Autismo e Sensibilidade

Tenho pensado muito sobre o tema “Autismo e Sensibilidade”. Mas não estou querendo falar sobre a sensibilidade sensorial, um dos traços mais marcantes (e famosos) do TEA. Não estou falando de texturas, cores, sons… Quero falar de algo mais profundo. A sensibilidade quase espiritual que muitos autistas (ou todos?) manifestam.

Muito se fala sobre a possível falta de empatia das pessoas que têm autismo, da dificuldade delas em se colocarem no lugar do outro. Porém existem algumas teorias que defendem exatamente o oposto: não é falta de empatia, mas uma hipersensibilidade a tudo e a todos que os cercam. A sensibilidade é tanta que eles têm dificuldade em lidar e processar todos os estímulos, o que os faz terem uma tendência ao isolamento e a adotarem comportamentos autorreguladores. Interessante como o mesmo aspecto pode ter explicações tão diversas, né? Ainda temos muito o que aprender.

Eu não sei qual meu posicionamento em relação às duas teorias. Pensando no que vejo do Mateus, tenho minha dúvidas. Às vezes ele parece não se importar com o que o cerca. Não importa se eu estou jantando ou dormindo, sempre preciso ajudá-lo no instante em que ele me chama. Mateus tem dificuldade em esperar e em ouvir “agora não”. Mas também, tem um outro lado nessa história.
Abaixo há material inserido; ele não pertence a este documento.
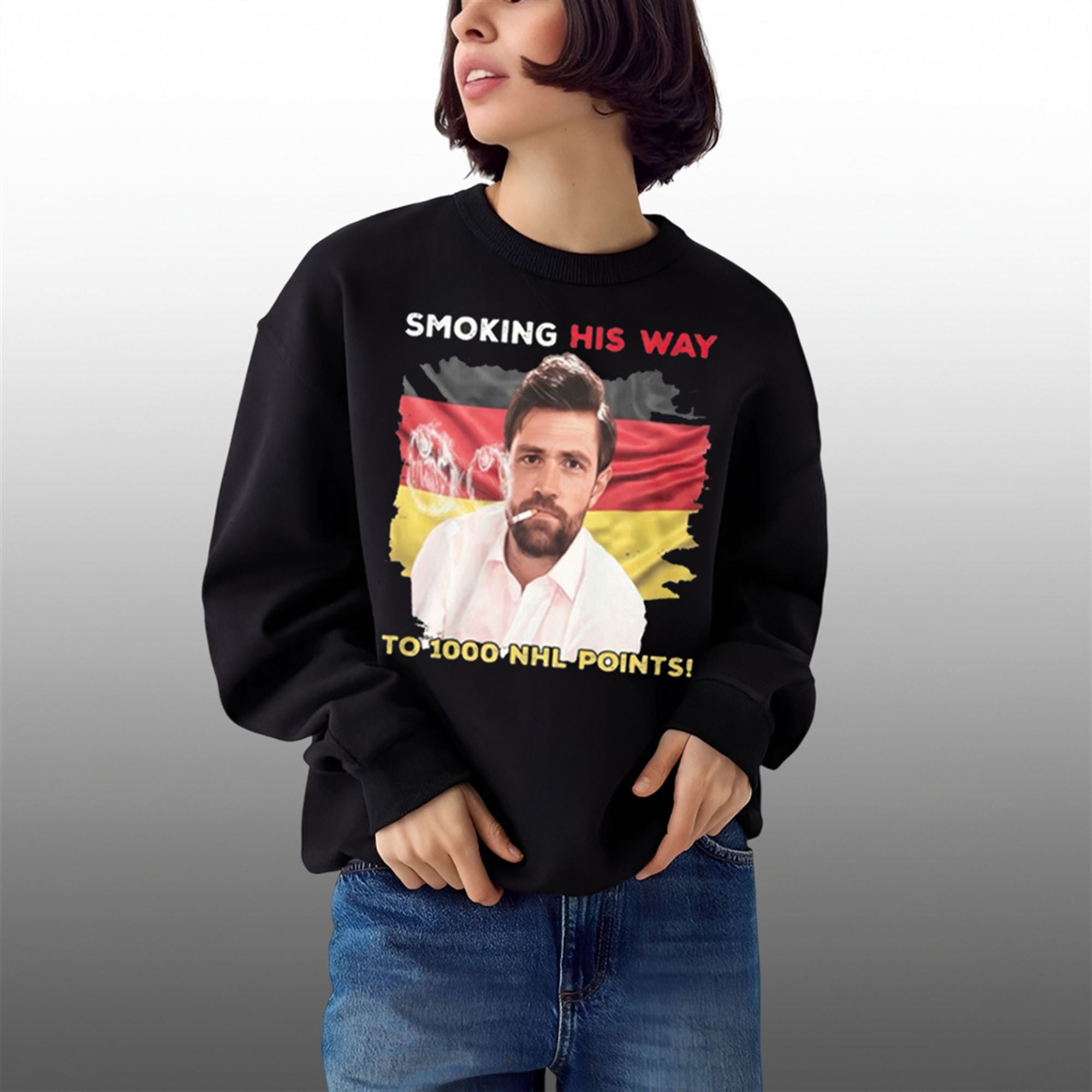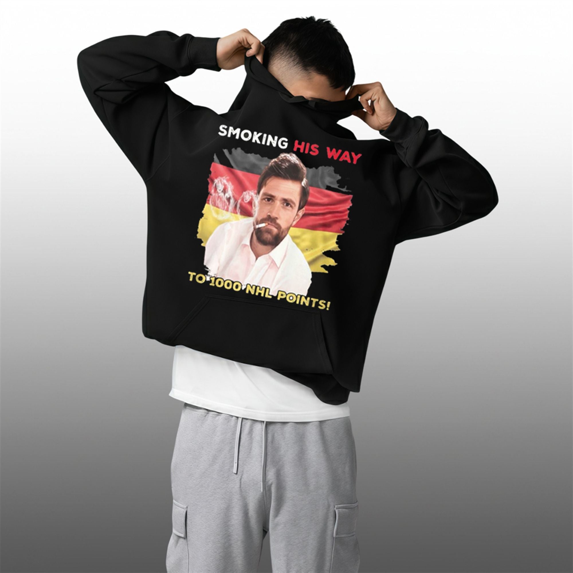 The design of this shirt is bold, gritty, and unmistakably unique. It showcases a high-quality, stylized graphic of Leon Draisaitl from his now-famous viral wedding photo, complete with a cigarette and a nonchalant expression, set against the backdrop of the German flag. The text “SMOKING HIS WAY TO 1000 POINTS!” plays on the double meaning: acknowledging his “smoking hot” performance on the ice while nodding to the “bad boy” charm of the viral image. It’s a snapshot of a player at the peak of his powers, looking relaxed even as he rewrites the record books.

Meu Mateus já me deixou de queixo caído, mostrando uma sensibilidade completamente inesperada em algumas situações. Eu conto: uma vez a escola teve um incidente que impossibilitou o atendimento. Era dia de semana, rotina, e ele já estava pronto para ir. Mas ouviu que, eu e minha mãe conversávamos com tristeza sobre o que tinha acontecido, e, na minha opinião, ele sentiu algo em algum nível… Que eu não sei explicar. Só sei que falamos para ele que não tinha escola e ele simplesmente aceitou. Guardou o uniforme, trocou de roupa e não deu nenhum grito, nem teve crise (que era o que nós já estávamos esperando). Isso nos surpreendeu muito, pois o normal seria ele não entender o que estava acontecendo. Mas compreendeu (e acho que até mais do que nós!).

Não foi a primeira vez que Mateus demonstrou que pode sim ser muito sensível ao que o cerca. E tudo isso me fez refletir bastante sobre essa questão…Talvez não seja à toa que os chamamos de “anjos”.

Esse assunto levanta muitas questões. E, vocês, o que acham sobre isso? 

6 comentários em “Autismo e Sensibilidade

  1. Nossa Fernanda sinto exatamente isso que descreveu do meu filho, que por coincidência tem o mesmo nome e idade do seu irmão. Normalmente se mostra tão alheio e impaciente, mas também tivemos vários episódios em que nos surpreendeu demonstrando ter entendido perfeitamente o que estava acontecendo. São realmente seres especiais!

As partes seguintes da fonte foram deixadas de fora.